La expresión operativa e ideológica máxima de la codicia, de la acumulación como la ley suprema del funcionamiento de la economía, de la vida social, de los valores, se expresa en una calle de Nueva York, es la calle del muro: Wall Street. Todos sabemos que allí funciona la bolsa de valores de los Estados Unidos de América.

Todos sabemos o deberíamos, que es el termómetro mayor e implacable de la marcha no solo de la principal economía del planeta, sino de una u otra forma condiciona a todo el sistema económico mundial, a las grandes empresas de muchos países y a millones de inversores y especuladores y por esa vía y, influye a todas las sociedades. No solo materialmente, en la acumulación y desacumulación de riquezas, sino en las ideas dominantes en el mundo.

Wall Street no propaga, no catequiza, no evangeliza, no adoctrina a nadie, simplemente hace sonar su campana cinco días a la semana y pone en venta y compra cifras siderales de riquezas reales y especulativas.
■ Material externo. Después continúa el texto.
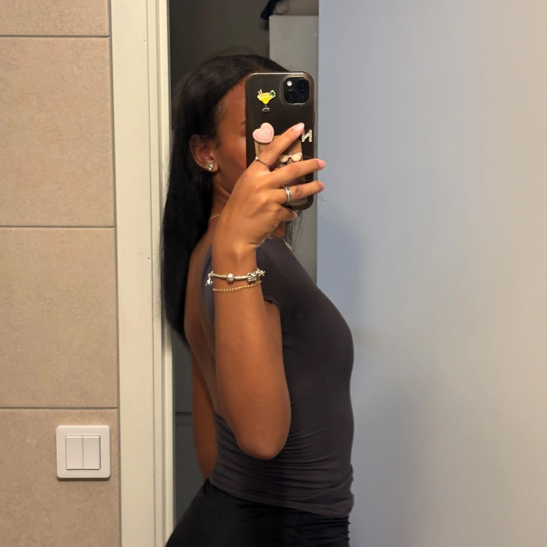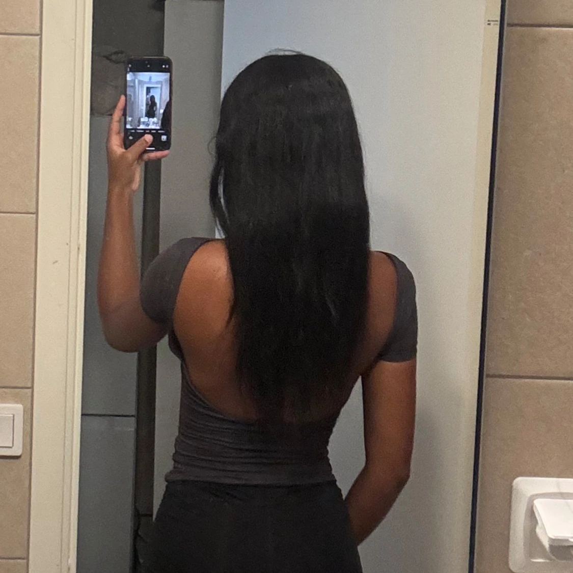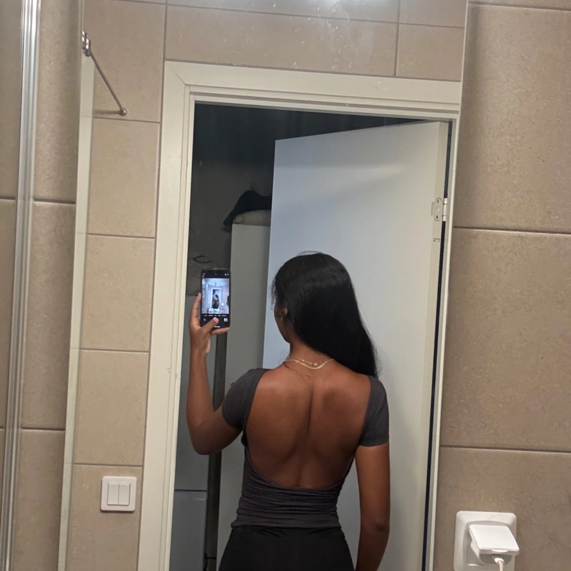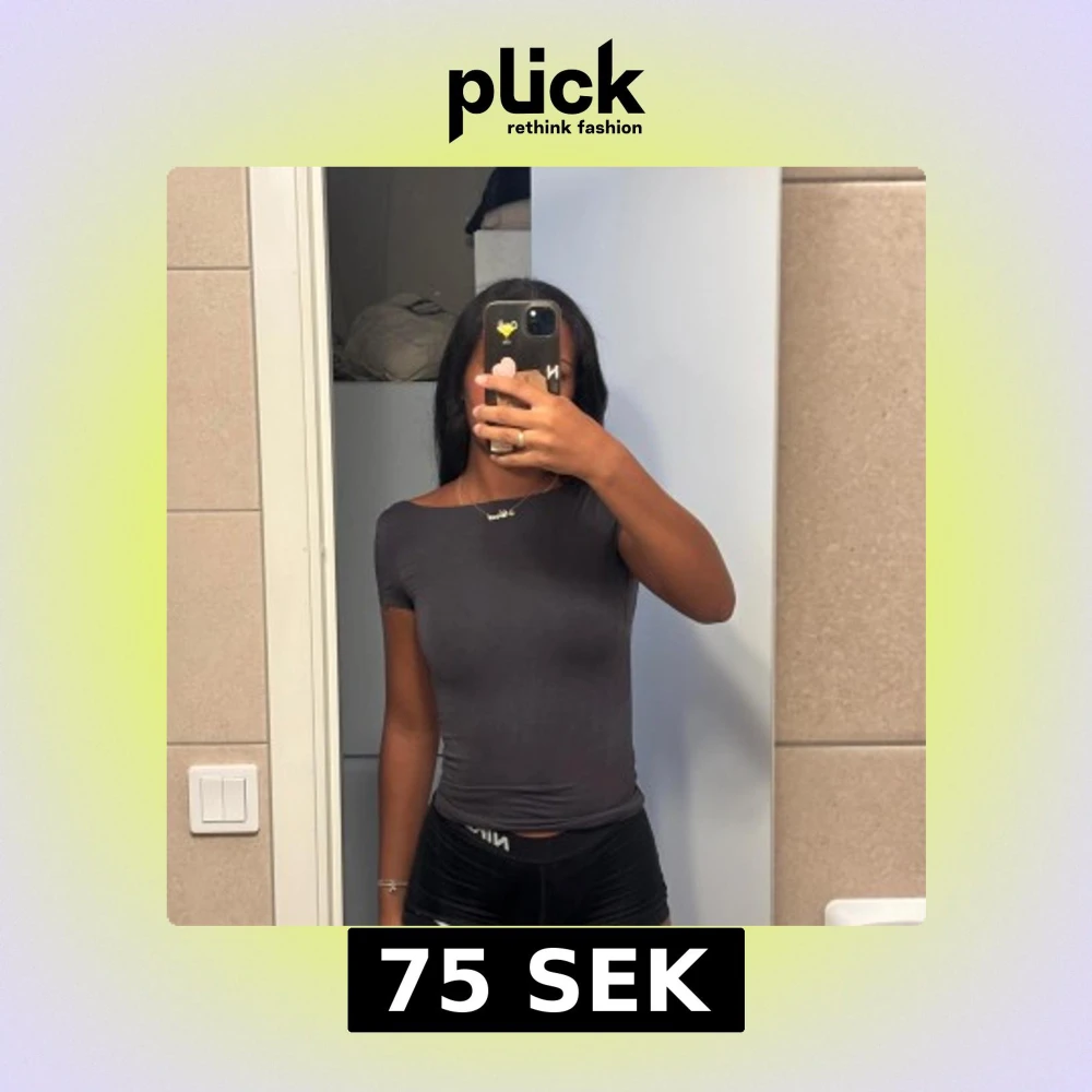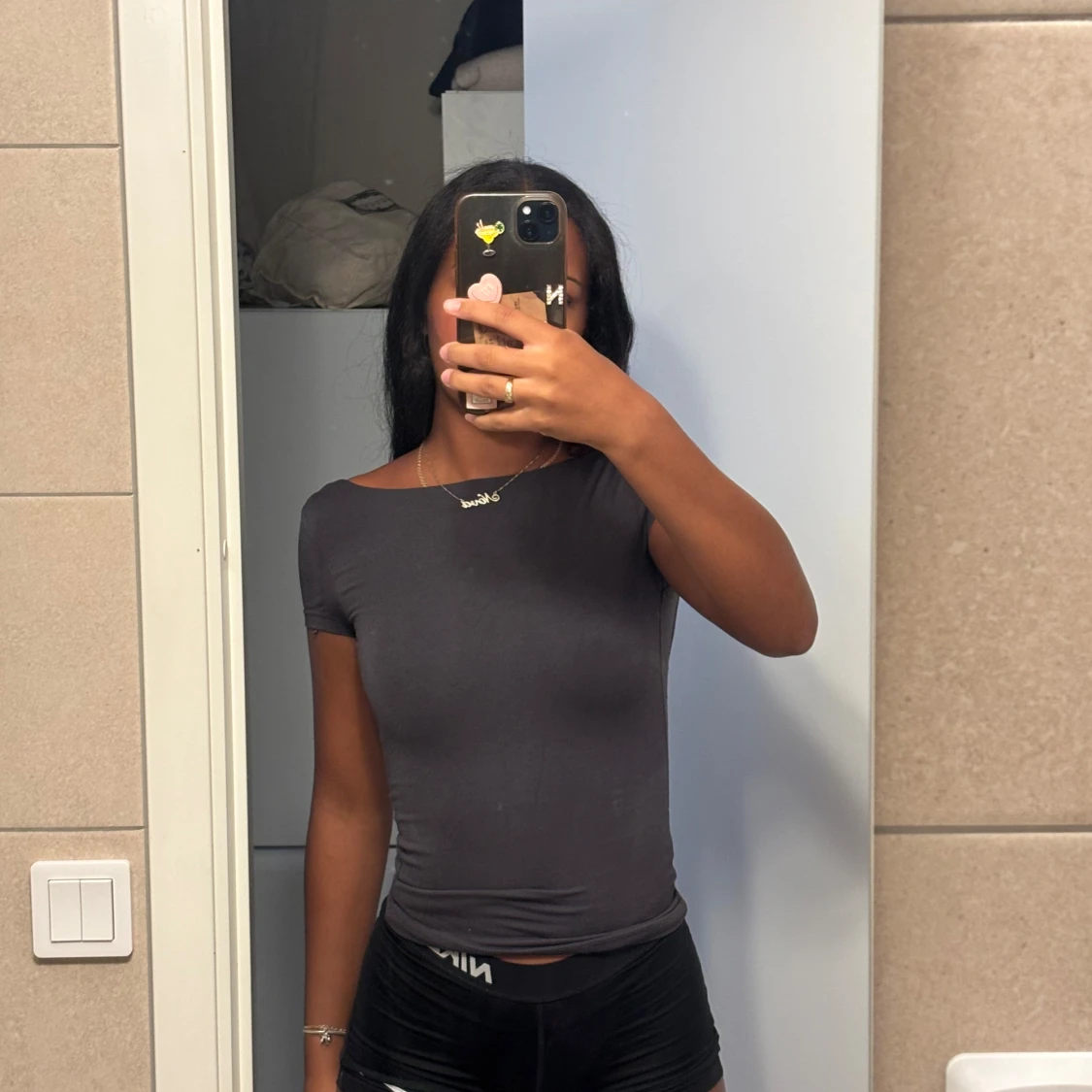 Säljer en mörkgrå, tight topp med korta ärmar och riktigt snyggt öppen rygg. Toppen har en rundad hals och sitter slim på kroppen. Perfekt om du vill ha en enkel men ändå cool look. Materialet känns mjukt och stretchigt, troligen bomull eller polyester.
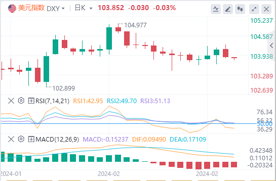 美元指数:截止发稿,美元指数交投于103.852附近。美国经济"软着陆"的可能性越来越大,这使得美联储决策者在其评论中保持了鹰派基调,为6月份甚至比6月份更晚的降息敞开了大门。技术面上,在日线图上,美元指数的2024年高点位于105.00附近(2月14日),是第一个阻力区域。过了这一区域,前面还有一个小障碍,即周线高点106.00(11月10日),其次是11月份的顶部107.11(11月1日)。
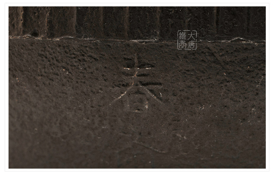 鐵瓶內(nèi)底被稱之為“鳴金”的響片使得水燒開之后的煮沸聲更為悅耳。鐵瓶下側(cè)的“春齋”刻印以及共箱蓋子的題字都是作者親筆所寫。此為檢驗春齋鐵瓶真?zhèn)蔚臉酥局弧?/p>
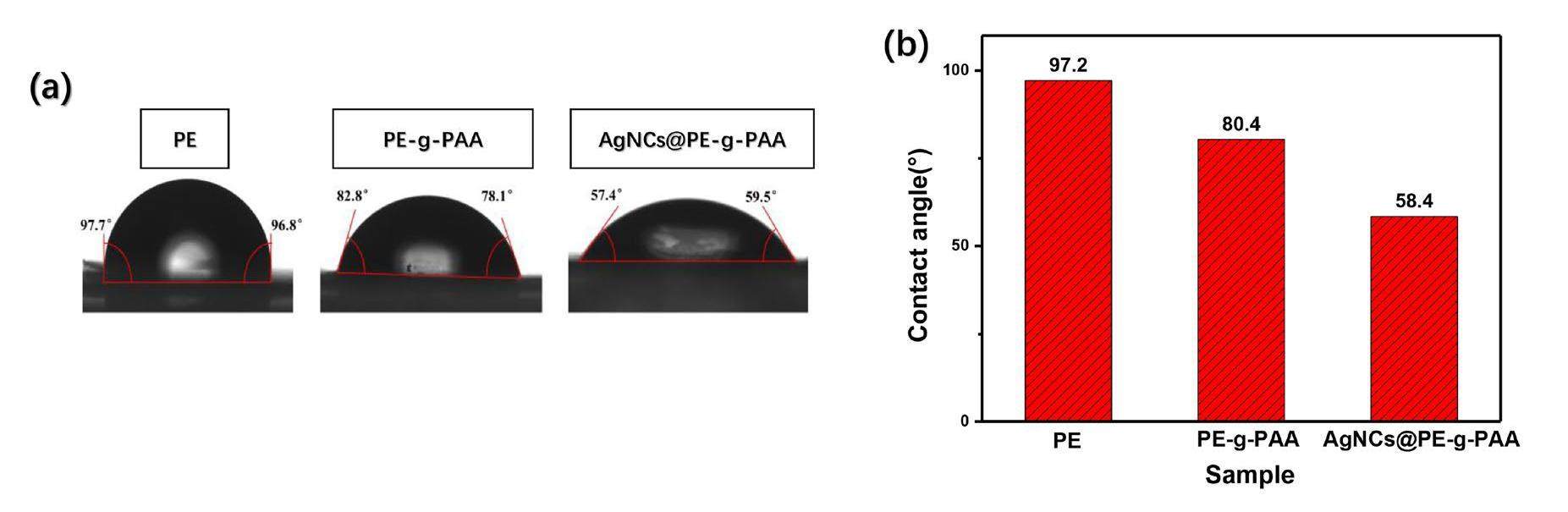 The morphology of the film did not change during the synthesis of AgNCs@PE-g-PAA, indicating that the synthesis process did not cause serious damage to the matrix. This improves the universality of the synthesis method. The matrix material used in this study was a commercial PE film. The PE film comprises a nonpolar -CH2-CH2- structure. As shown in Fig. 3(a) and Fig. 3(b), the contact angle of the commercial PE film is 97°, indicating that the material is hydrophobic. After the grafting of PAA, the contact angle of PE-g-PAA decreased to 80° (Fig. 3B(b)) because of the strong polarity of the carboxyl group of PAA, and the material became hydrophilic. This is conducive to the subsequent adsorption of Ag+ ions from the aqueous solution to achieve the loading of AgNCs. After loading the AgNCs, the contact angle of the AgNCs@PE-g-PAA film decreased further to 58° (Fig. 3(b)). Owing to the combination of AgNCs and the carboxyl groups on the PAA chain, the polarity of the material increased, and the material became more hydrophilic[45]. In addition, the AgNCs@PE-g-PAA film could be used to detect metal ions in aqueous solutions.
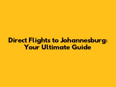 Direct Flights To Johannesburg: Your Ultimate Guide
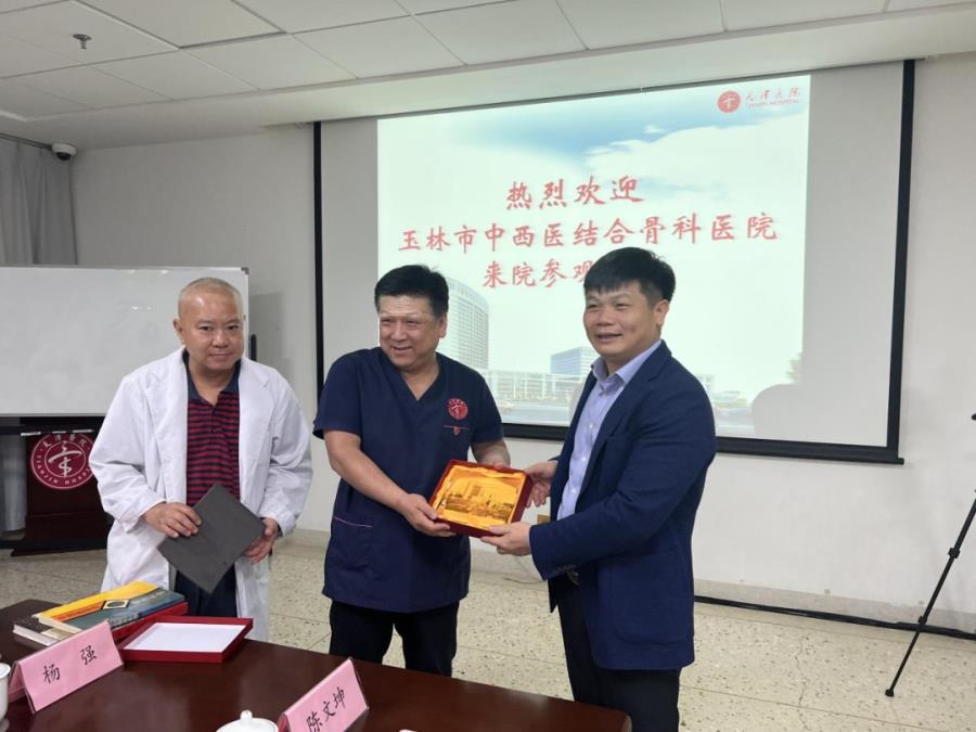 座谈会上,梁博伟院长首先感谢天津医院顾云伍教授在60-70年代对我院给予的大力帮扶,接着介绍了我院目前的发展情况;对天津医院在学科建设、技术创新、科研学术和人才培养等方面取得的成绩以及在国内外骨科界的影响给予了很高的评价;表达了赓续传统友谊、加强双方交流合作的愿望,希望天津医院在技术创新、学术科研、人才培养等方面给予大力支持;最后将天津医院与我院于1993年共同编写的全国高等医学院校教材《中西医结合骨伤科学》和广西壮族自治区卫生健康委员会主编、漓江出版社2021年出版的《天津医师在广西》两本书赠与天津医院。

Se estima que el monto de los negocios financieros diarios, en el mundo, superan el PBI anual de toda la América Latina. Incluso se afirma que el monto de las operaciones financieras mensuales, en el mundo, es de 1,5 veces el producto total de la economía mundial. Y el PBI Mundial es de 74.152 billones de dólares. (74.152.000.000.000) Uruguay tiene un PBI de 50.000 millones de dólares (50.000.000.000). Las cifras globales son siderales, pero en definitiva conviene recordar que son el resultado del trabajo, del esfuerzo, de la inteligencia de los seres humanos.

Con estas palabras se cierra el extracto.